Over the final six weeks of the season, Mucius had three of his best performances, ever: an overtime loss to Virginia (16 points on 9 FGA), an upset over Duke (16 points on 8 FGA) and the ACC Tournament loss to Pitt (19 points on 9 FGA). In those three games, Mucius combined for 51 points (17 per game) on 26 field goal attempts (7-of-12 3PA, 6-of-7 FGA at the rim).
This is positive cherry-picking, to an extent, but two of those outings came against two of the top 12 defenses in the country: Virginia (No. 1) and Duke (No. 12). Over the final five games of the season, a run that included the match-ups with Duke and Pitt, Mucius posted an effective shooting rate of 63.8 percent.
(There’s more of that post-up game from Mucius. Also: Sarr’s short-roll passing against Duke was so freaking good.)

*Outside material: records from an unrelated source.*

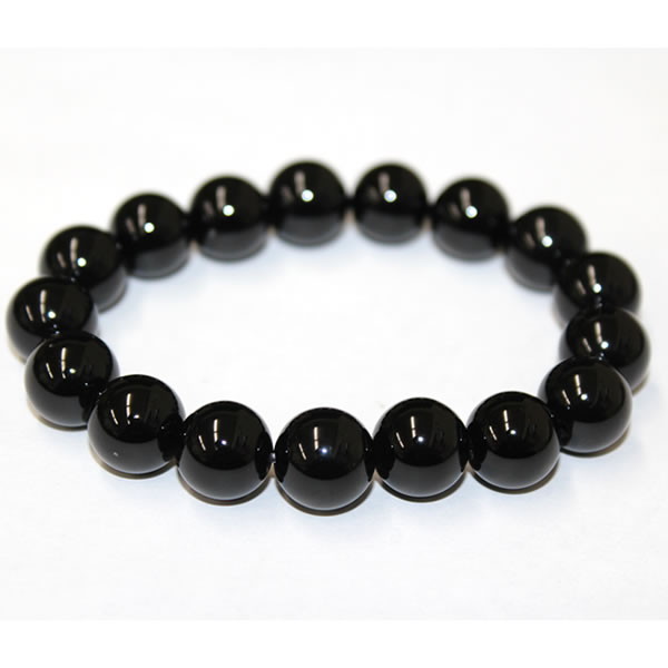 【ストーンブレスレット】 天然石/黒オニキス オニキスの曇りない黒の美しさはこの石の持つ迷いのない信念を象徴するような強さを表しています。 オニキスは自分自身の中心軸をしっかりと安定させる石で、着実に目標を実現するために地に足をつけた行動を導いてくれる石です。 また人生においても幾度も降りかかるつらい場面苦しい面においてもあきらめず前に進むための忍耐力や意志の強さを与えてくれる石です。 それゆえ、スポーツ選手の苦しい練習の際のお守り、ダイエット等を耐え抜くためのお守りとしてもお勧めです。 あきらめずに決めたことをやり遂げるサポートをするオニキスは、成功の象徴とも言われます。達成したい目標などあるかたにはお勧めです。 オニキスは悪い意味で感情を抑えてくれる為、夫婦の幸せを保つ石とも言われます。 注意 画面上と実物では多少色具合が異なって見える場合もございます。ご了承ください。 詳細 17玉:ストーン寸法12mm ブレス寸法17cm(内周)
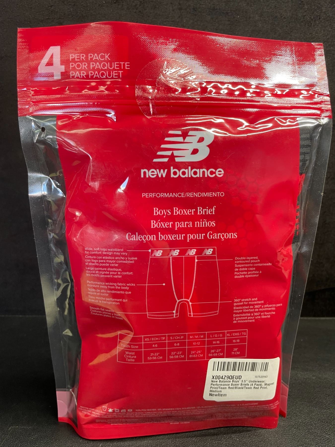 Lot 34 4-Pack of New Balance Performance Boys Boxer Briefs (Size M) Lightweight/Breathable - New
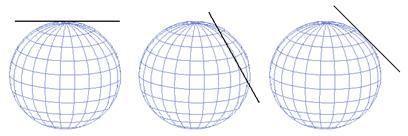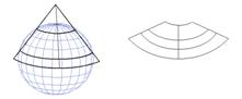 (b) Proiectia conica cea mai simpla se obtine cand suprafata conica este tangenta la sfera (figura 6). Paralela la care conul este tangent se numeste paralela de referinta sau standard. Este exclusa situatia cand paralela standard este Ecuatorul; aceasta situatie genereaza proiectia cilindrica (vezi mai jos). Meridianele sunt convergente spre pol. Pe paralela standard nu exista deformari. Acestea apar inspre N si S. Polul nu este corect reprezentat, astfel ca, se procedeaza la selectionarea conului in vecinatatea lui. O alta varianta a proiectiei conice este atunci cand suprafata conica este secanta la suprafata Pamantului (figura 7).
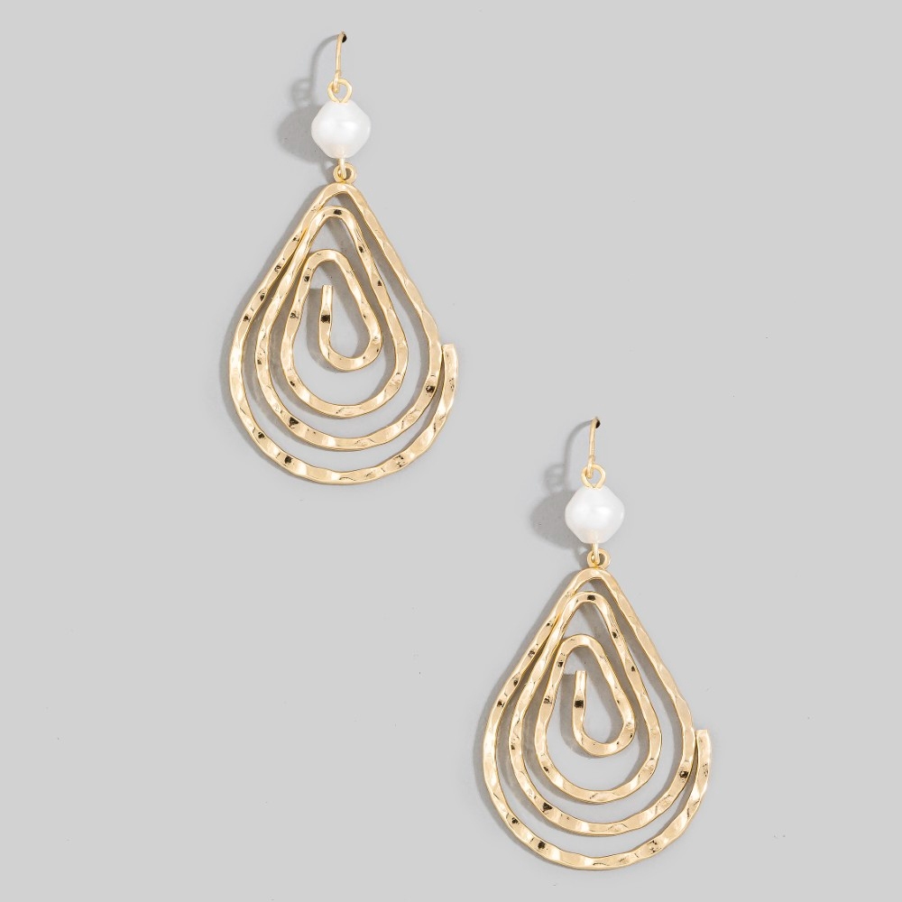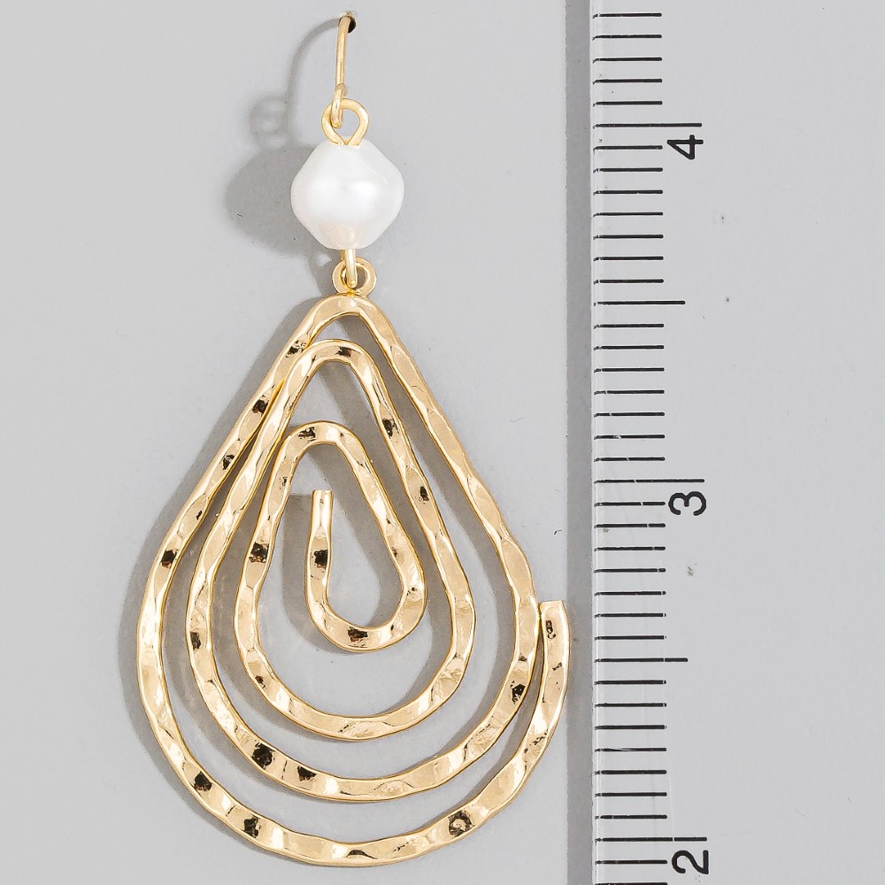 • Bold, daring, and endlessly stylish, this pair of dangle earrings showcases a breathtaking pearl bead spiral hammered tear design. This pair of dangle earrings is a great way to add some flair to your outfit without going over the top. Available in GP. This item is sold in packs of 1.

I was on hand for the game against Pittsburgh in Greensboro, with a front row seat; Mucius flashed so much tantalizing skill. He was in such a good flow offensively, bouncing around, looking for his shot. He was aggressive, but forced nothing. It’s unwise to read too much into one game, but he what he showed in that performance was the framework for what’s hopefully set to come: smooth catch-and-shoot capabilities (3-of-5 3PA) and aggressive basket drives (3-of-3 FGA at the rim).
No matter how you slice it, the return of Isaiah Mucius is a nice first step for Forbes.